Many limitations of previous versions addressed.
http://dev.mysql.com/doc/refman/5.1/en/mysql-cluster-development-5-1-ndb-7-1.html
DB performance made easy
May 27, 2010
Database Configurations NDB Limitations, NDB Storage Engine 3 Comments
Many limitations of previous versions addressed.
http://dev.mysql.com/doc/refman/5.1/en/mysql-cluster-development-5-1-ndb-7-1.html
Hartmut Holzgraefe
May 28, 2010 @ 06:53:32
This list of limitations applies to MySQL 5.0 which has already reached the end of its life cycle. The current MySQL version with cluster support built in is MySQL Cluster 7.1 which is a product branch separate from, but based on MySQL 5.1 which itself does not contain cluster support anymore. (Cluster code is still in the MySQL 5.1 source, but it is unmaintained and outdated in that release branch, and non of the 5.1 we provide has it enabled).
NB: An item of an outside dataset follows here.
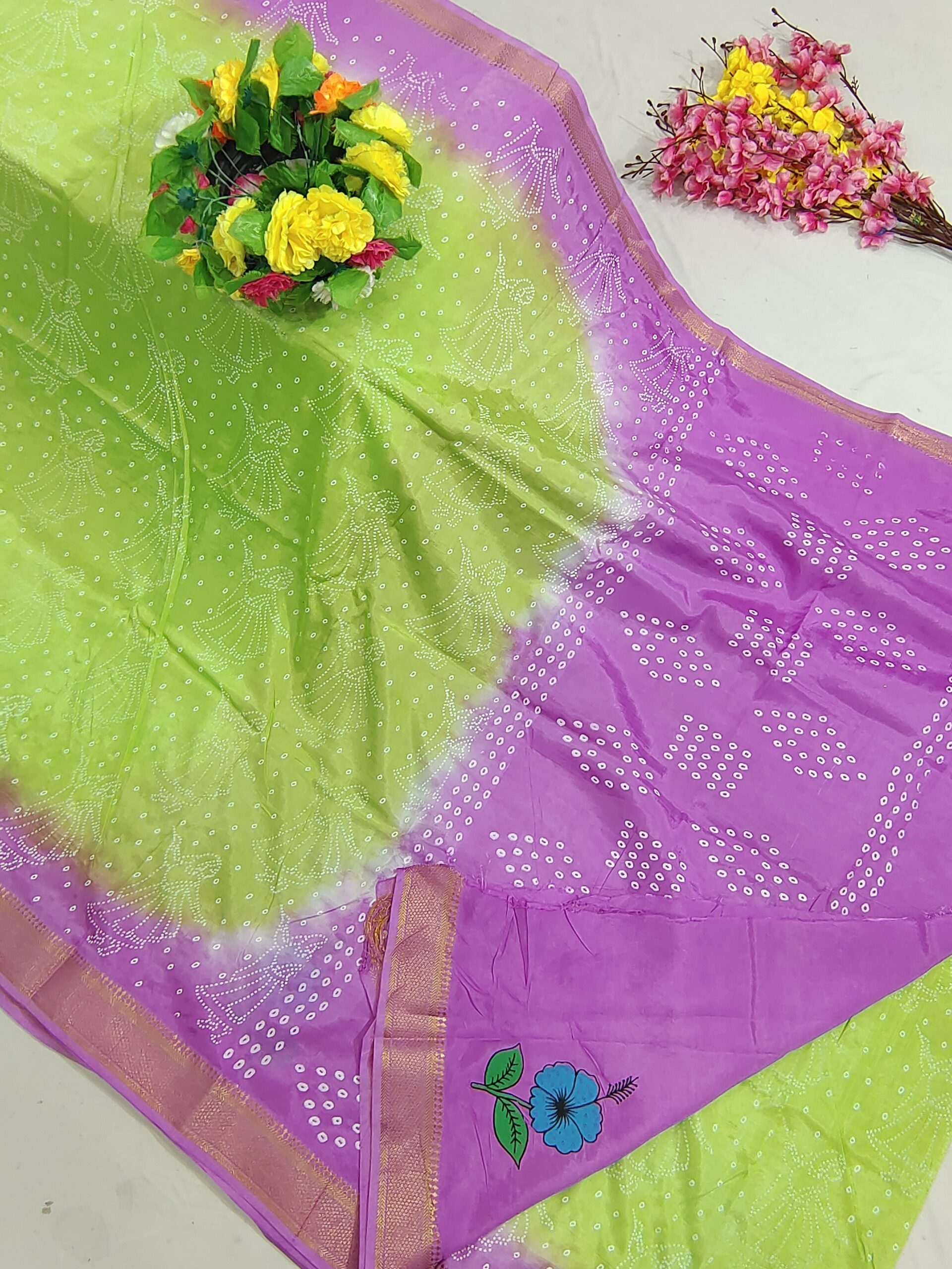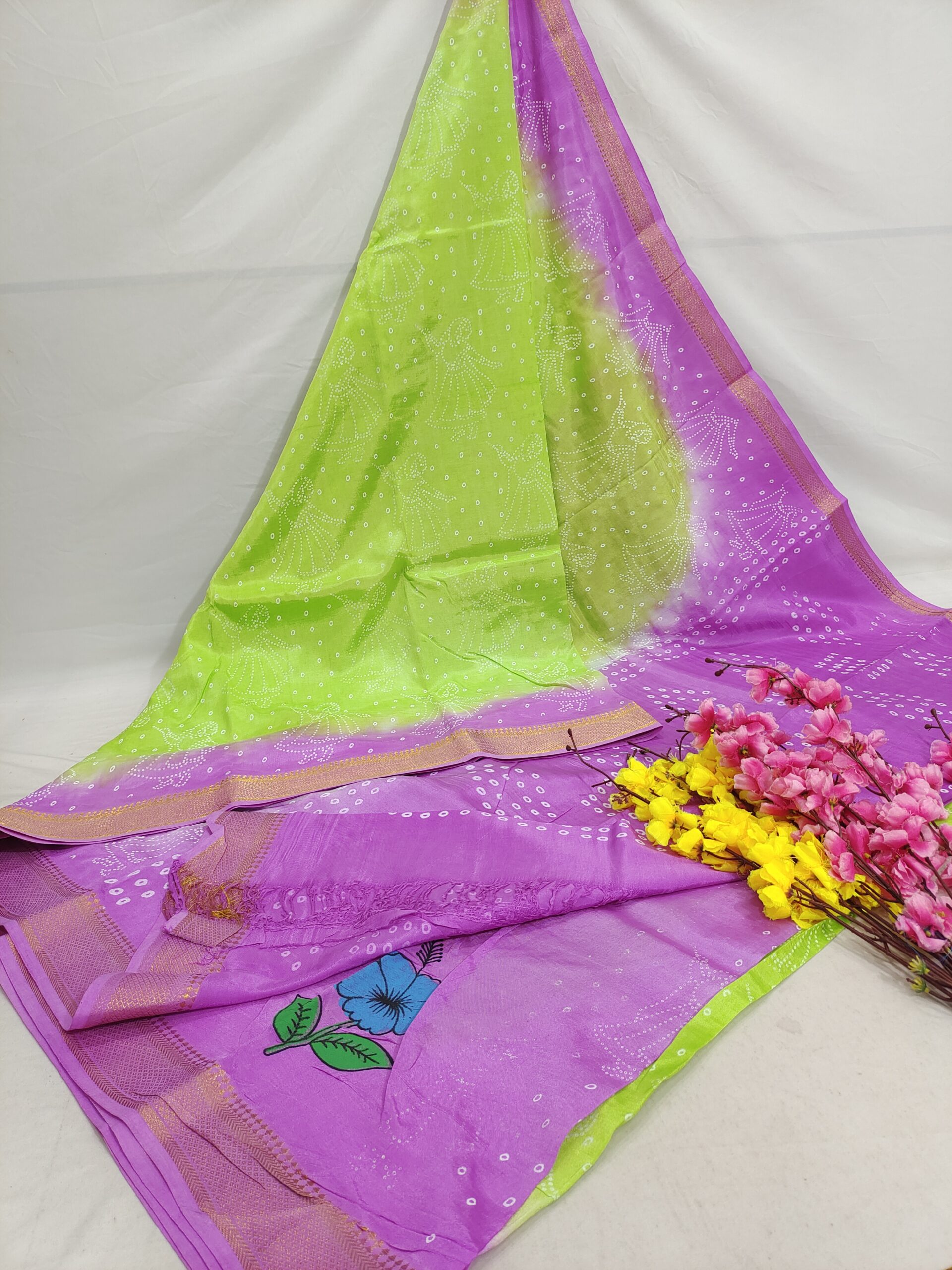 Mangalagiri Pattu Shibhori Dyeing Small jari Border Sarees

So in MySQL Cluster 7.1 the following limitations no longer apply:
* Rows are no longer using the fixed length format when using the default memory based tables. For the disk based tables introduced only after MySQL 5.0 the limitation still applies for the columns stored on disk though …
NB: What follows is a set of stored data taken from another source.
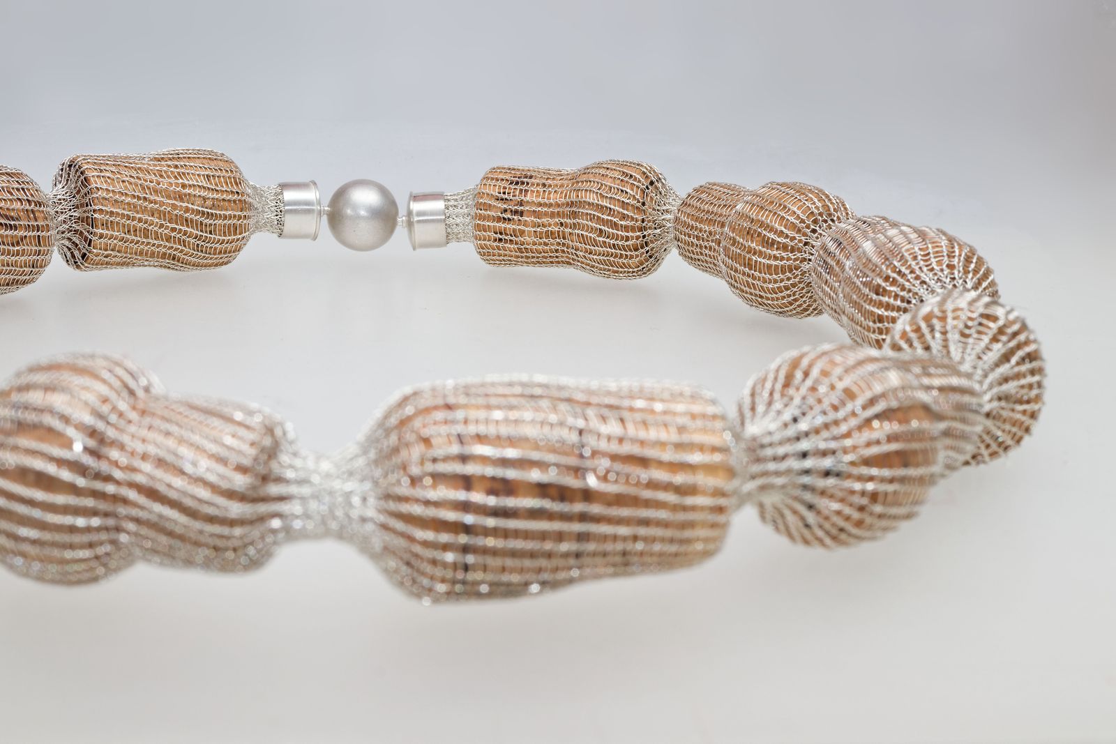 Diese übrig gebliebenen Champagner-Korken, eingestrickt in Silber, stammen alle aus einer Entbindungsstation und bezeugen die kleinen stillen Feiern nach einer Geburt.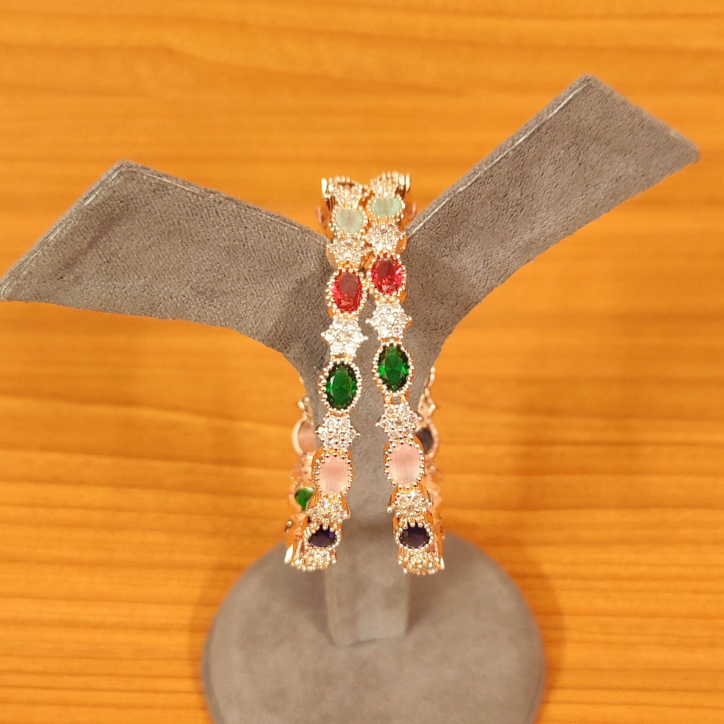 MULTICOLOUR CZ STUDDED ROSE GOLD BANGLES
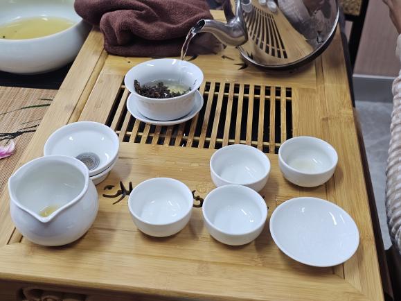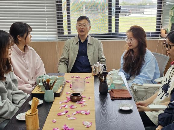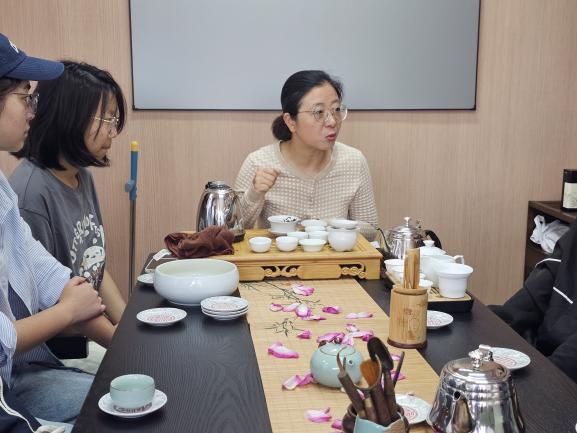 活动伊始,大家共布茶桌、展茶席、摆茶具、撒花瓣,开启品茶学习之旅。戴传江从茶的种类、产地、生长环境、炒制工艺等方面为同学们带来专业讲解,让大家对茶有了更深入的认识。顾芳芳现场教学,带领同学们学习泡茶、品茶,祁门红茶、金骏眉、岩茶、熟普洱茶纷纷登场,在大家在唇舌之间感受不同的茶香氤氲。

* Auto discovery of databases now exists
* Replication works fine when using the row based format introduced with MySQL 5.1
* CREATE INDEX is now possible as an online operation. Other DDL operations should still be done in SINGLE USER MODE. The fact that ALTER TABLE often works by creating a new table with the modified structure, copying over the data from the old table, then dropping the old one and renaming the new one to the old name is a general MySQL thing that may also let you run into resource limits on other storage engines, so it isn’t really a cluster specific limitation (although there are more configurable resource settings in cluster than in other engines so you may
run into this more often with this engine)
* Adding data nodes online is now possible
* The total number of supported nodes is now 255, the data nodes are still limited to 48 max though
Also nodes don’t have to be of exactly the same architecture, the important thing is that they need to have the same byte order. Mixing 32/64bit systems is ok, mixing Sparc and PowerPC would be ok, … (there has been work on this but it hasn’t fully finished yet). That aside all data nodes *should* be running on the same kind of system using the same CPU(s), RAM size, and disk size. As their load will be balanced a smaller box in the mix will slow down almost any cluster operation.
Jon Stephens
Jun 01, 2010 @ 17:21:39
MySQL Cluster now supports replication.
Sorry to be a wet blanket, but there is also much other information in this post that is *years* out of date.
For an overview of *recent* MySQL Cluster development, please see http://dev.mysql.com/doc/refman/5.1/en/mysql-cluster-development-5-1-ndb-7-1.html.
Thanks!
Jon Stephens
MySQL Documentation Team
Stockholm
Death
Jun 01, 2010 @ 18:00:04
Thanks for all your comments… I have updated the post.